Not All Requests To "Collaborate" Are Worth My Time

©2015 Trudy | Drift Sojourn. 

©2015 Trudy | Drift Sojourn. 

To collaborate means to "work jointly on an activity, especially to produce or create something." In terms of business, basically two or more people cooperatively work on a specific project or goal, to produce outcomes that benefit all parties involved. For a collaboration to actually be successful, it requires that the parties: 1) know each other (or get to know each other), 2) respect each other, 3) have shared goals, 4) have equitable skills across the board, so that the collaboration does not become a stereotypical version of the dreaded collegiate group project where the division of skills and labor are unbalanced. 

I work as an independent creator. Thus, most of the time, my work is not collaborative in the traditional sense. There are times when I do collaborative work with other people (i.e. promoting a hashtag and creating tweets/writing/framework development around the concept/scholarship that the hashtag addresses; working on research, writing or art with people) and other times when I am hired by people (i.e. photography, writing, tweeting, developing creative/edu content etc). These 2 activity types are not necessarily the same. Even so, most of the time, what I do, I do alone.

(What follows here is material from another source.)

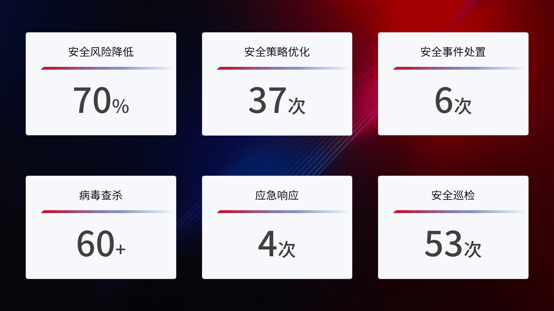 提供全面的安全事件报告体系,,,包括处置报告、、、、周报、、季度和年度总结,,结合持续监控,,,,帮助客户深入了解网络安全状况。。

As I mentioned in my Artists Make Art post last November:

If it is an invoice, I sent it. If it is an essay or publication, I wrote it. If it is a photograph, I created it. If it is administrative/maintenance work as an indie artist, I did it. If it is engaging people online, live tweets (i.e. of films or TV shows), analytical tweets (i.e. personal, political or sociopolitical, similar to what I discussed on Gradient Lair), or customer service in relation to my products, I did the work. It is what people consume and make assumptions about and what people will never see but I am still doing behind the scenes everyday, for myself and for others.

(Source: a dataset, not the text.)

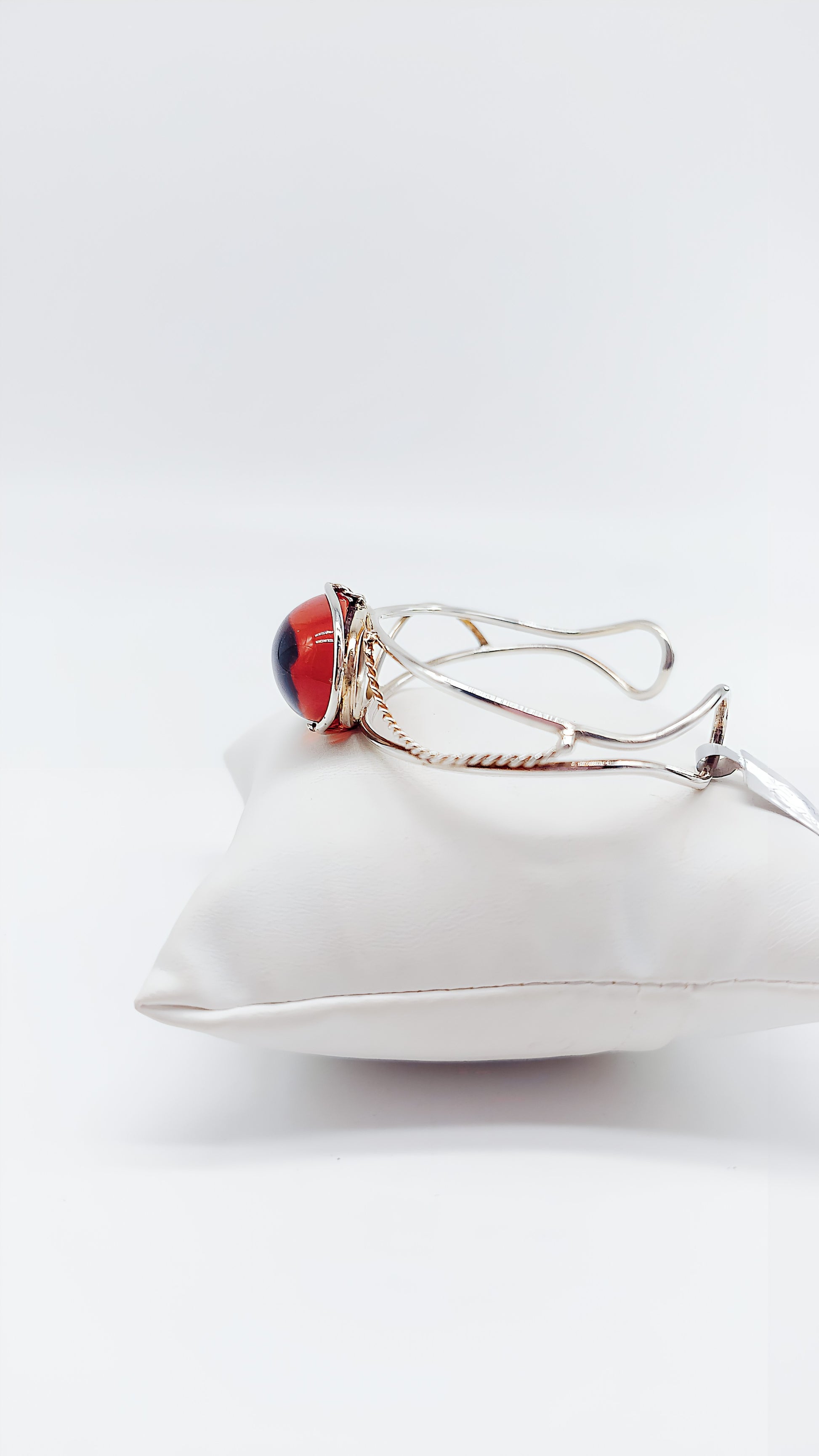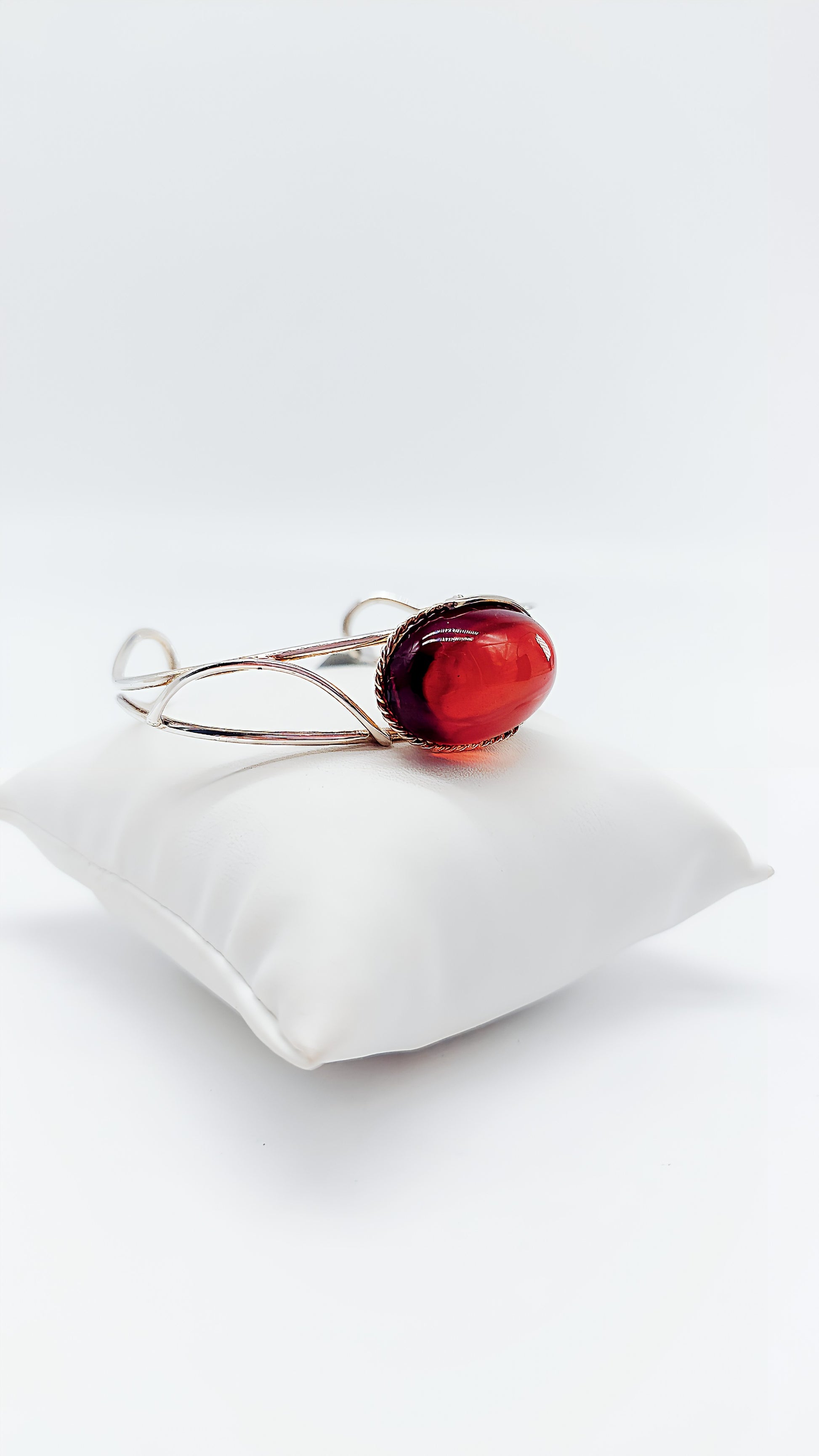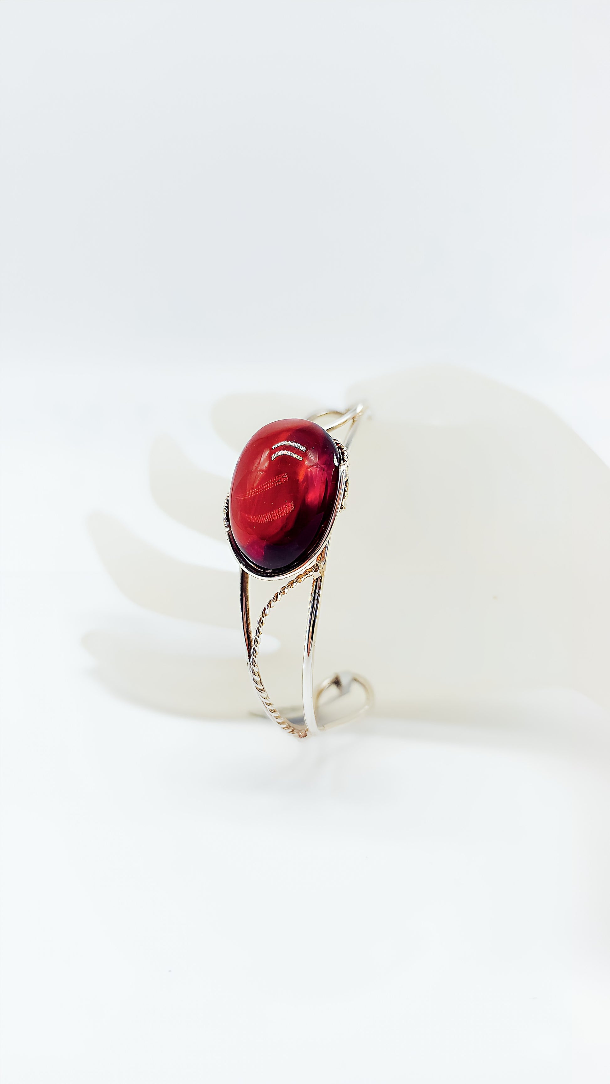 This exclusive 925 sterling silver bangle combines modern design with the captivating beauty of genuine, deep red amber . The vibrant red stone is set in a delicate silver setting, lending it an elegant lightness. Thanks to the high-quality craftsmanship, this piece of jewelry is comfortable to wear and a timeless eye-catcher . A perfect accessory for style-conscious women or as a special gift for birthdays, anniversaries, or Christmas.

In I Am Tired Of Being Expected To Work For Free, I mentioned the plethora of types of annoying and insulting free labor requests that journalists, academics, "activists" and the like send me. But one thing that I did not get into in that essay is about people who make cold calls, or make some form of unsolicited contact with me, to request to collaborate with me.

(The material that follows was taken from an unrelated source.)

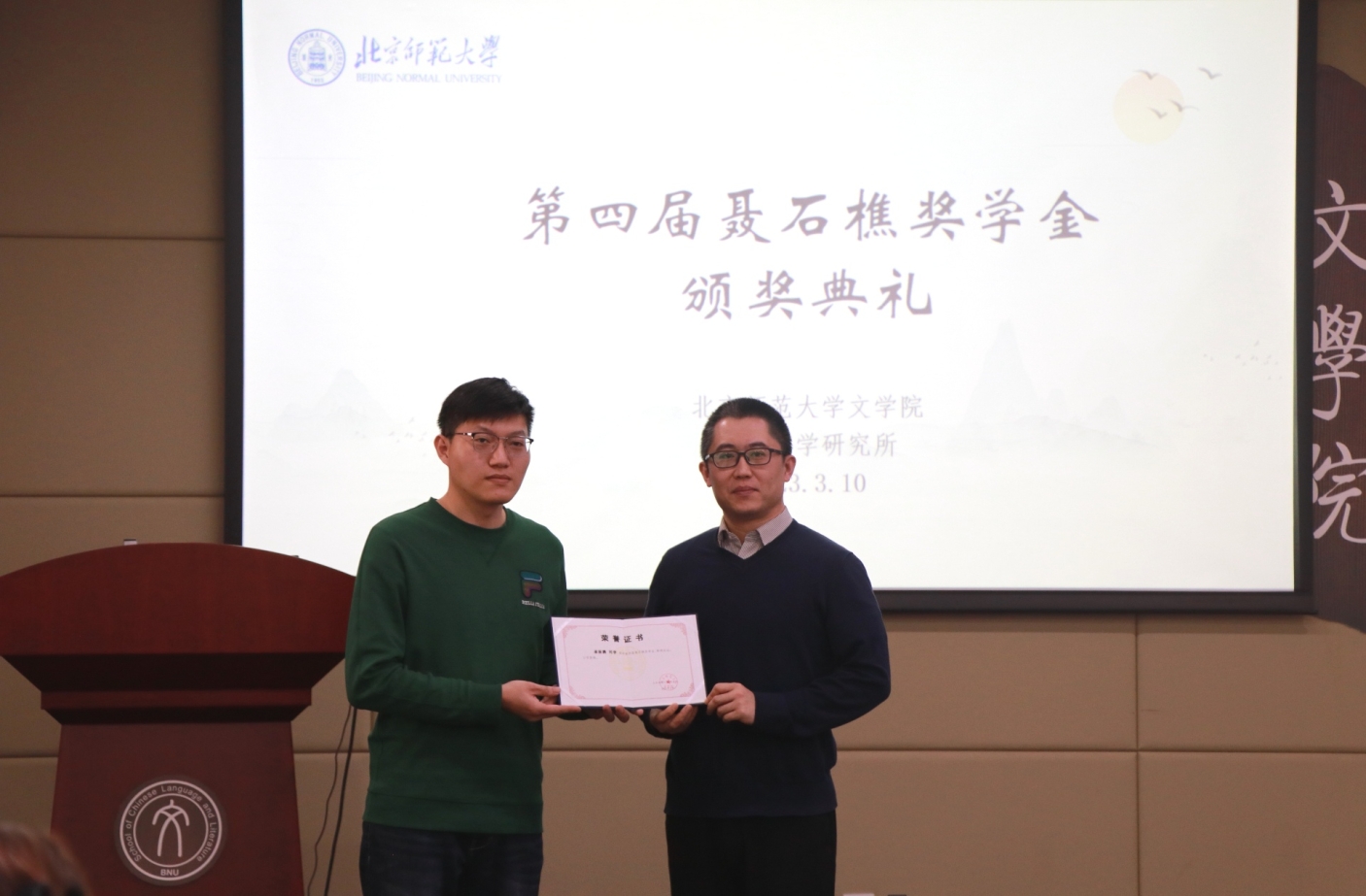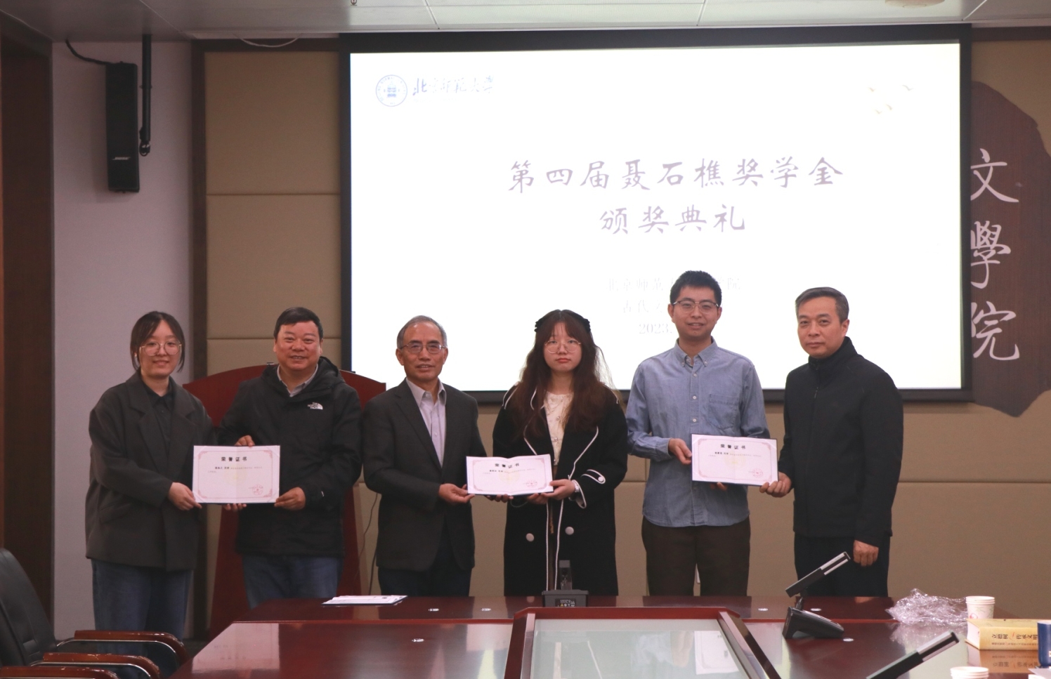 聂大昕老师首先肯定获奖同学的努力与成果,希望古代文学专业研究生砥砺前行,不负韶华,让聂石樵先生等前辈学者优良的治学传统薪火相传。康震、过常宝和郭英德三位老师分别致辞,对聂先生的学术热情与治学态度表示敬意,鼓励同学们不断努力、守正出新。致辞结束后,本届获奖博士生崔振鹏、硕士生詹莞如、陈耘之、谢蒙恩依次登上讲台,聂大昕、康震、过常宝和郭英德老师为他们颁发获奖证书并合影留念。

5 types of people who request to "collaborate" with me:

1) Spammer: This is someone who simply contacts anyone with a blog, website, Twitter account and/or email address. Their request for collaboration is about their own SEO desires. They have no clue what I do outside of them looking for keywords like "writing" and "photography" and finding me. They usually have literally nothing of value to offer me; nothing I want. They are often experienced people, but experienced as spammers

2) Performer: This is someone who wants to be "seen" online "doing business." They have no clue what we would actually collaborate on because they have no clue what I actually do, nor can they do what I do. They bring very few skills to the table, they have no real body of work that exemplifies proficiency over time and they often want to exploit the fact that I am hypervisible on Twitter. What they are looking for is a promoter, or someone to share their content (that is rarely connected to an actual business/income etc.) with a larger audience that they cannot develop themselves, because to them, attention itself is sufficient "currency" for "doing business." They are the kind of people who "network" as a way to socialize and not for actual business purposes. They are usually younger than me and do not understand the full picture of independent work, but like the idea of being a "business owner." A lot of performance; very little experience. The performer will reach out to people that have literally nothing to do with what they do/want to do as well, mainly because of their lack of information on and experience with business makes them think collaboration with anyone is necessary or even possible.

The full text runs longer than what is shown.